The biological sample guiding surface 232a may have an inclination angle (θ) ranging from 30° to 60° based on the extension direction of the nozzle tip 200. If the inclination angle (θ) of the biological sample guiding surface 232a is less than 30°, the biological sample (LQ) stored in the body part 230 may not flow smoothly toward the opening 232b, causing the discharge part 232 to be clogged by the biological sample (LQ). Therefore, the inclination angle (θ) of the biological sample guiding surface 232a is 30° or more, thus minimizing the amount of residual biological sample (LQ) remaining in the body part 230 after the dispensing of the biological sample (LQ) by the high-speed dispensing spotter 1000, and minimizing the clogging of the discharge part 232 caused by the biological sample (LQ). Additionally, if the inclination angle (θ) of the biological sample guiding surface 232a exceeds 60°, the biological sample (LQ) in the body part 230 may not move smoothly toward the opening 232b of the discharge part 232 due to the gentle slope. Accordingly, the inclination angle (θ) of the biological sample guiding surface 232a is 60° or less, thus ensuring the smooth flow of the biological sample (LQ) from the biological sample guiding surface 232a to the opening 232b during the dispensing process by the high-speed dispensing spotter 1000, and minimizing the blockage of the discharge part 232 caused by stagnation of the biological sample (LQ).

The opening 232b of the discharge part 232 may be formed adjacent to the outer surface of the body part 230 and may be extended from the biological sample guiding surface 232a to serve as an outlet through which the biological sample (LQ) contained in the body part 230 is discharged to the outside. The opening 232b may be a hole formed in the extension direction of the discharge part 232.

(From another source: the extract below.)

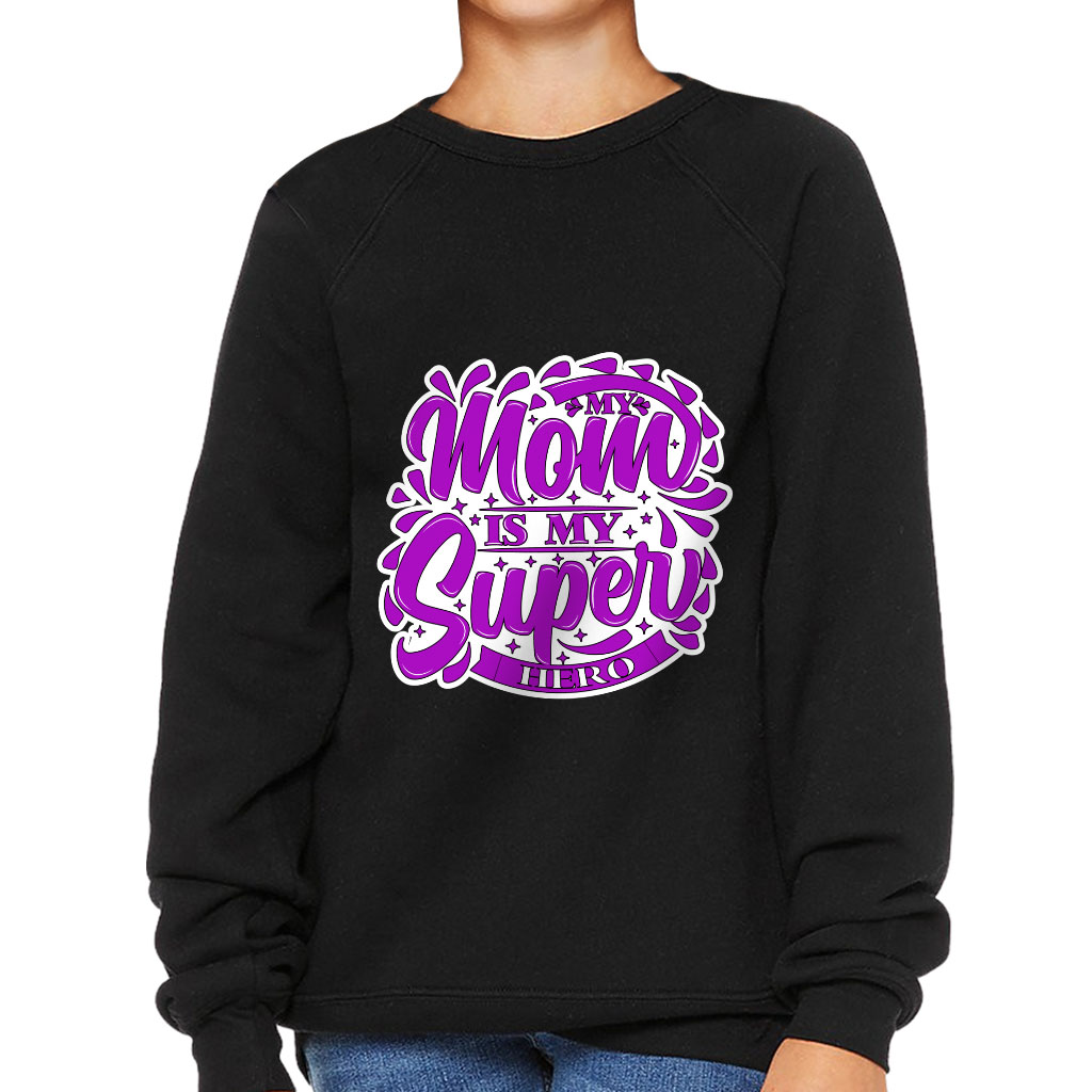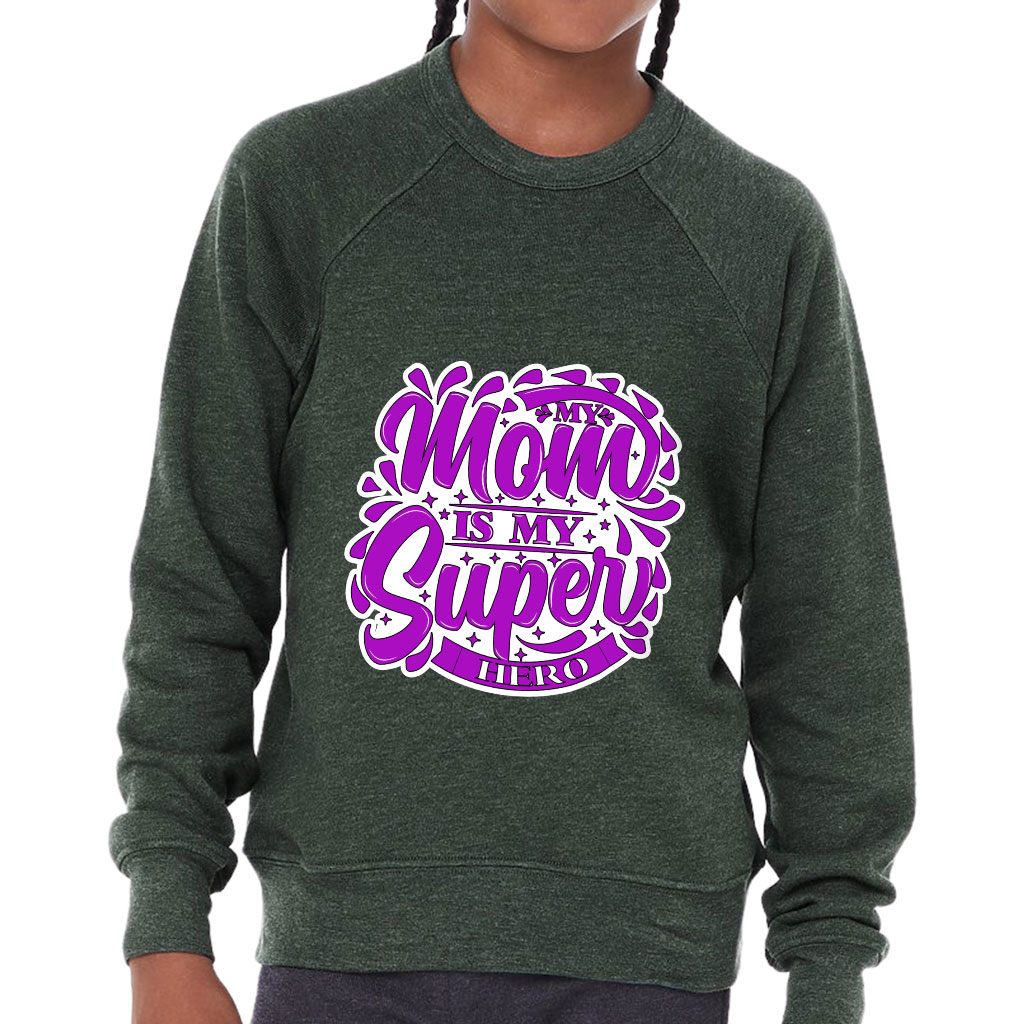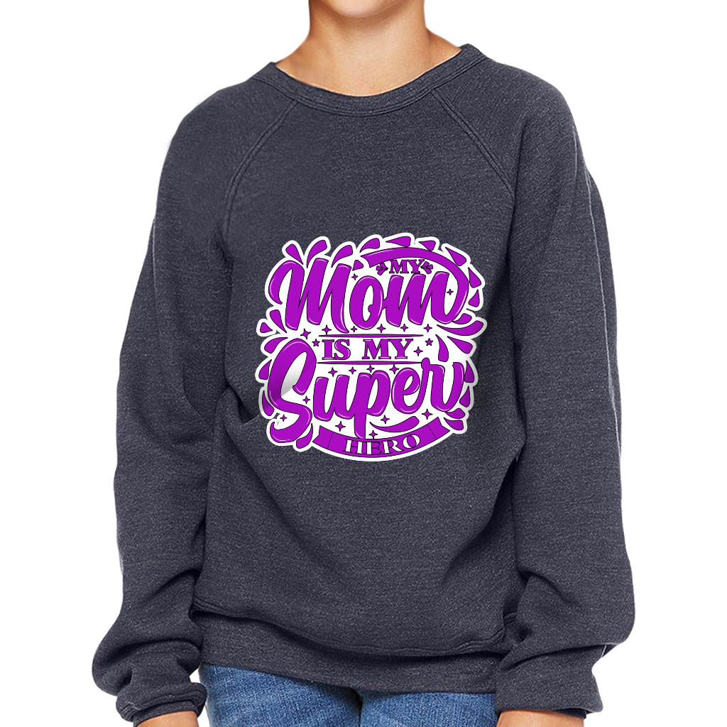 My Mom is My Superhero Kids’ Raglan Sweatshirt – Best Design Sponge Fleece Sweatshirt – Themed Sweatshirt

In this case, a length (L) of the opening 232b (i.e., the length in the extension direction of the opening) may be 200 μm or more and may be less than or equal to twice a diameter (d) of the opening 232b. That is, the length (L) of the opening 232b may be less than or equal to twice the diameter (d) of the opening 232b. However, if the diameter (d) is less than 100 μm, the length (L) of the opening 232b may be set to a minimum value of 200 μm. If the length (L) of the opening 232b exceeds twice the diameter (d), a length of a pin in a mold for forming the opening 232b of the nozzle tip 200 may become relatively long compared to the thickness of the pin, resulting in a risk of breakage and potential damage to the mold. Accordingly, by configuring the length (L) of the opening 232b to be less than or equal to twice the diameter (d), damage to the pin of the mold used for manufacturing the opening 232b can be minimized. Moreover, by setting the length (L) of the opening 232b to be 200 μm or more, the thickness of the portion of the opening 232b can be ensured such that the biological sample (LQ) contained inside the body part 230 can be smoothly dispensed in an appropriate amount under air pressure and prevent unintended dispensing when the air pressure is low. Damage to the mold may lead to problems in the molding of the discharge part of the nozzle tip 200.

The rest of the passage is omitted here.